La vocación de servicio, debe ser una de las primeras características a buscar al analizar el perfil de quien quiera pertenecer a nuestras filas en calidad de dirigente. El candidato, debe haber manifestado su deseo de servir a la Patria ayudando a formar ciudadanos, a forjar el futuro de la nación.

…y obedecer la Ley Scout

El compromiso ineludible de obedecer los 10 artículos de la Ley Scout, completa el círculo que define la forma de vida de quien hace la Promesa Scout.

Al hacer la promesa como niños, la comprendemos como niños, y así se espera, pero ahora como adultos, vemos mas allá de lo que inicialmentye las palabras nos permitían.
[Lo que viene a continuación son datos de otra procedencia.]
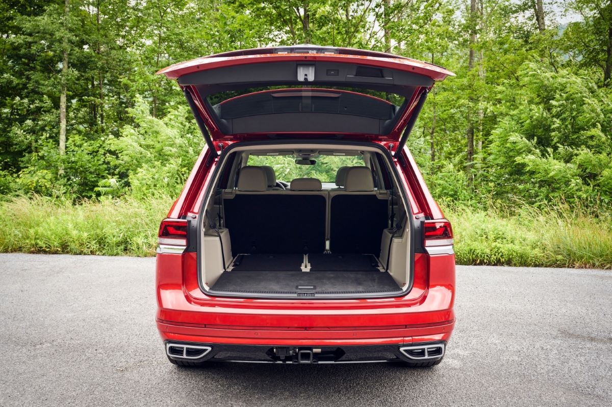 El Atlas tiene un volumen de carga máximo de 96.6 pies cúbicos detrás de los asientos de la primera fila cuando todos los asientos traseros están plegados. Con solo la tercera fila plegada, la capacidad de carga es de 55.5 pies cúbicos y con todos los asientos levantados, la capacidad de carga es de 20.6 pies cúbicos.
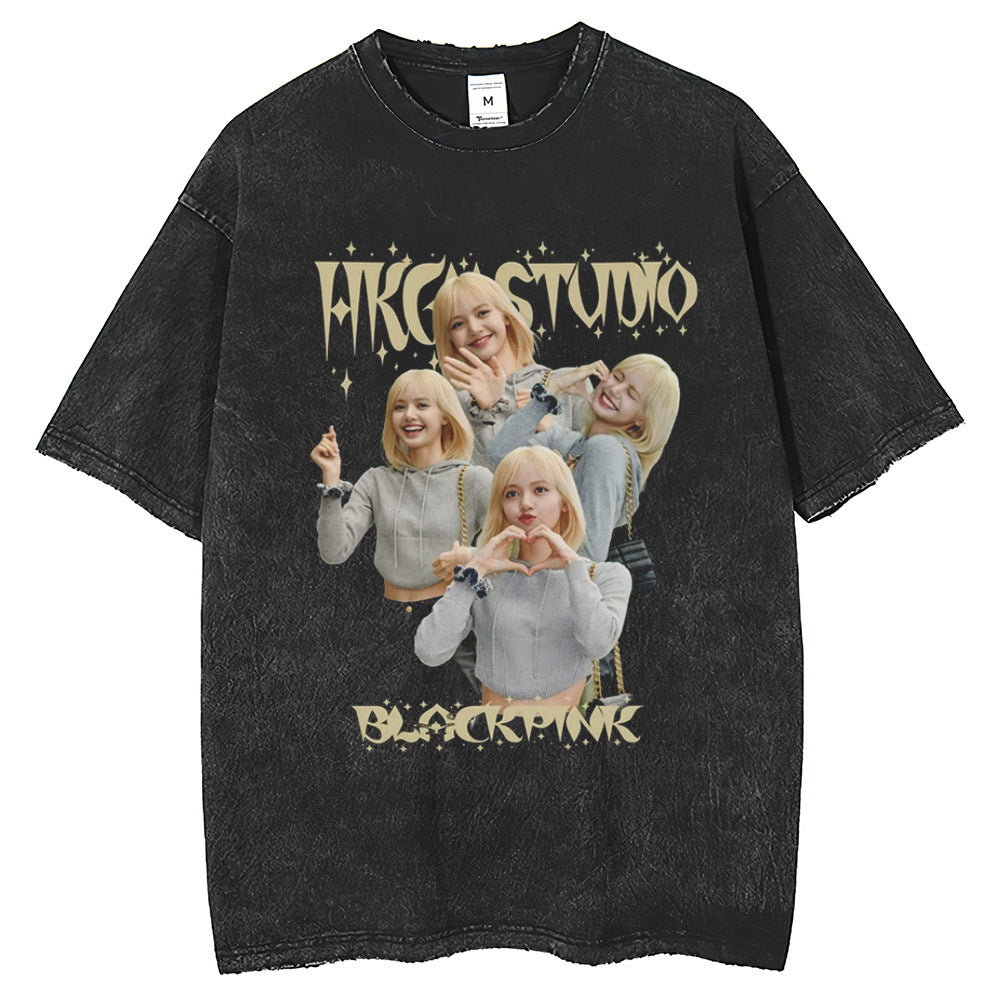 Mens T Shirts Printed Short Sleeve Lasa Washing T-Shirt Loose
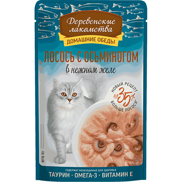 Деревенские лакомства д/кош пауч Лосось с осьминогом в нежном желе 70г АКЦИЯ -10%
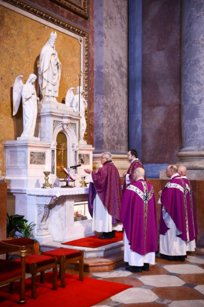 A szentmisét az esztergomi bazilika Szent Adalbert-oltáránál celebrálták, ez az oltár őrzi Boldog Meszlényi Zoltán ereklyéjét. A püspök a Magyar Kolping Szövetség mennyei pártfogója is, így a lelkiségi mozgalom is képviseltette magát a szertartáson.
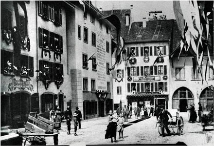 ![]() Metzgergasse mit Stadtbach 1889 Mit Festschmuck für das Eidgenössische Kadettenfest 1889 |
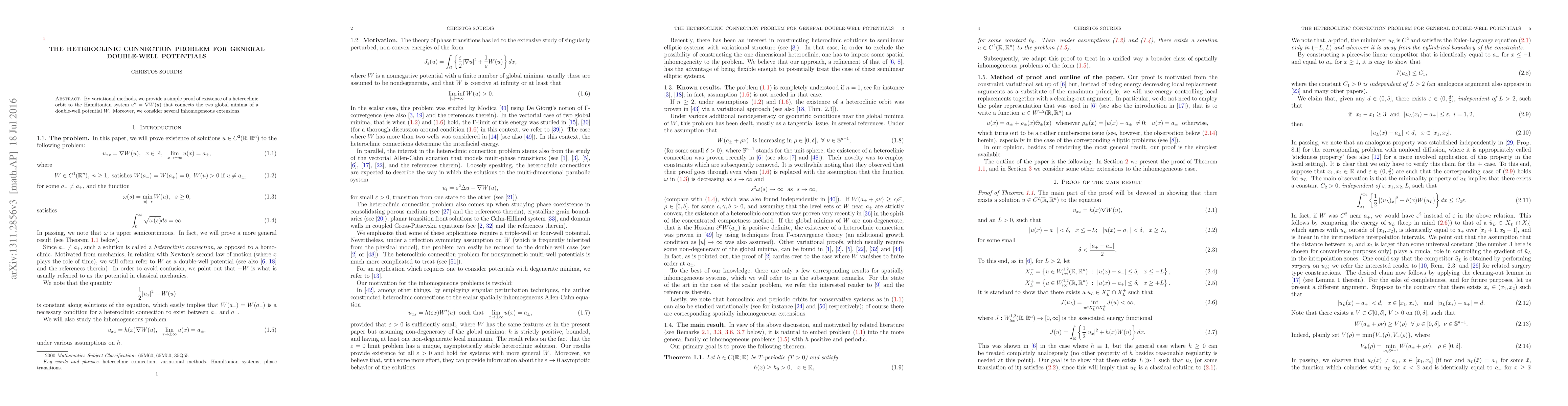 By variational methods, we provide a simple proof of existence of a heteroclinic orbit to the Hamiltonian system $u''=\nabla W(u)$ that connects the two global minima of a double-well potential $W$. Moreover, we consider several inhomogeneous extensions.
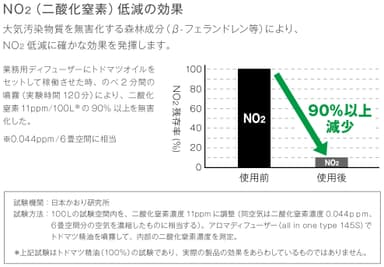 業務用アロマディフューザー(all in one type 145S)にトドマツオイルをセットして稼動させた時の、のべ2分間の噴霧(実験時時間120分)により、二酸化窒素11ppm/100L※の90%以上を無害化した。
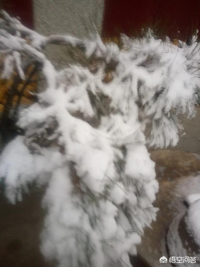 早晨扫完院中雪后,先拿手机拍一个盆景雪松图。

Ahora como adultos, en pleno uso de nuestra capacidad de comprensión y dicernimiento, nos encontramos con un gran compromiso. Pues ya no prometemos tratar de ser buenos ciudadanos, que era el objetivo final de nuestro paso por alguna de las unidades que, componen el Programa Scout que nuestra Asociación ofrece; sino que nuestro compromiso va mas allá, pues ahora nuestro objetivo es ayudar a formarlos.

El faltar a nuestra promesa, podría significar un daño gravísimo y muchas veces irreparable, en alguno de los menores que han puesto bajo nuestra custodia y tutela para su adiestramiento.